The possible strategy values, and the use cases under which they are appropriate, are as follows:

  • none - Save no extra information. This works best in circumstances when you have users trained to not use back and forward navigation buttons, so no extra overhead is incurred.
  • top - (Default value) Record the state name of the current state such that, if the user uses the back arrow and then resubmits a previously submitted form, the current state will be reset to the recorded one (so that navigation outcomes work as expected). The data object associated with this dialog instance is not saved and restored. This works best in cases like a multi-page wizard dialog that is collecting data, where resubmitting the same page again only mutates the state within the data object, and does not cause any undesireable changes to the model state of the application (such as submitting a credit card order more than once). This strategy can not effectively deal with cases where the user has navigated across the start or end of a subdialog, so an exception will be thrown in that scenario.

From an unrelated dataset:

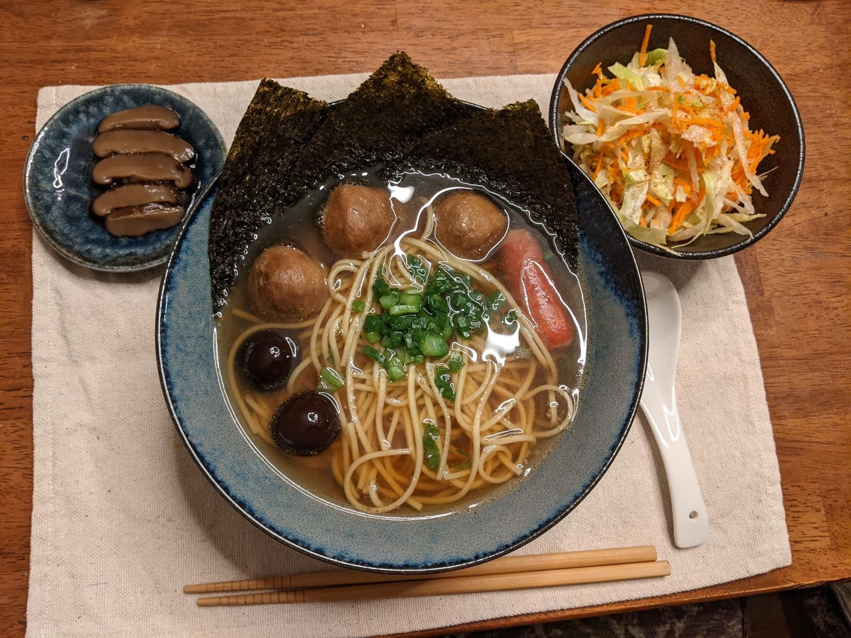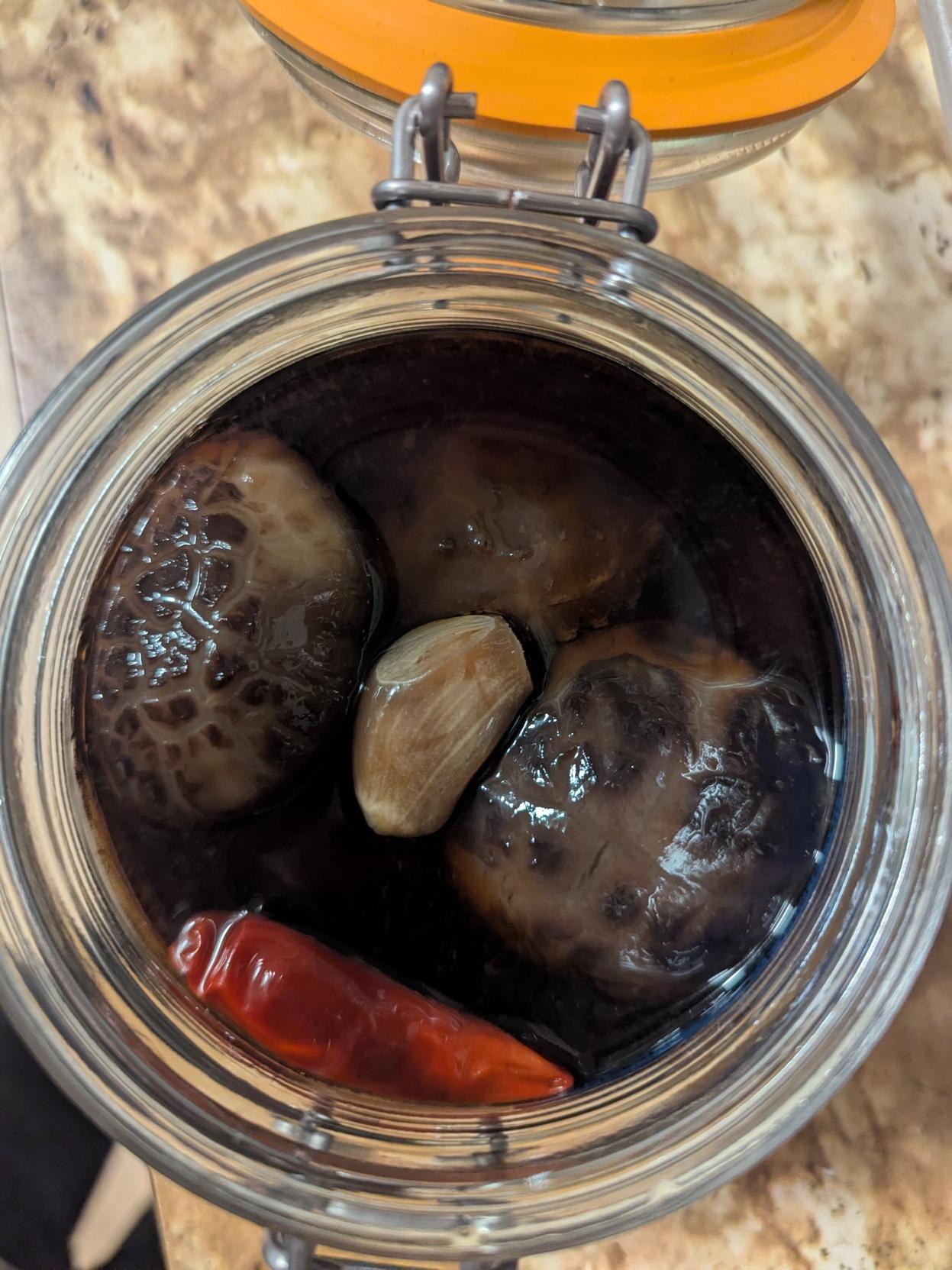 Had to dilute the sous vide bag stock and enhance only a bit for a lovely broth to go with ho hum boiled up 'ramen' noodles - store bought hot pot meatballs and sausage, had since languishing (store) salted soy quail eggs so just used those. Broth was really good and the home pickled shiitake (h/t @LifeTimeCooking ) a robust accompaniment, along with simple salad - and that was #Dinner

  • stack - Record the entire stack of Position information for the current dialog instance, including any changes to the data object. This strategy is best used when you want, when the user presses the back arrow, to "unwind" any changes that the previous form submit did to the data object. This strategy stores the maximum amount of information in the JSF component tree state, so it might have significant memory or network traffic impacts if the size of your data object is large.
Note that, no matter which strategy you choose, you can optionally use the "token" facility of the Shale Core module to detect duplicate submit attempts on the same form. If you do this, you will also want to provide a "cancel" command of some sort, with the immediate attribute set to true, to allow the user to get out of a dialog where they have mistakenly tried to submit the same form more than once.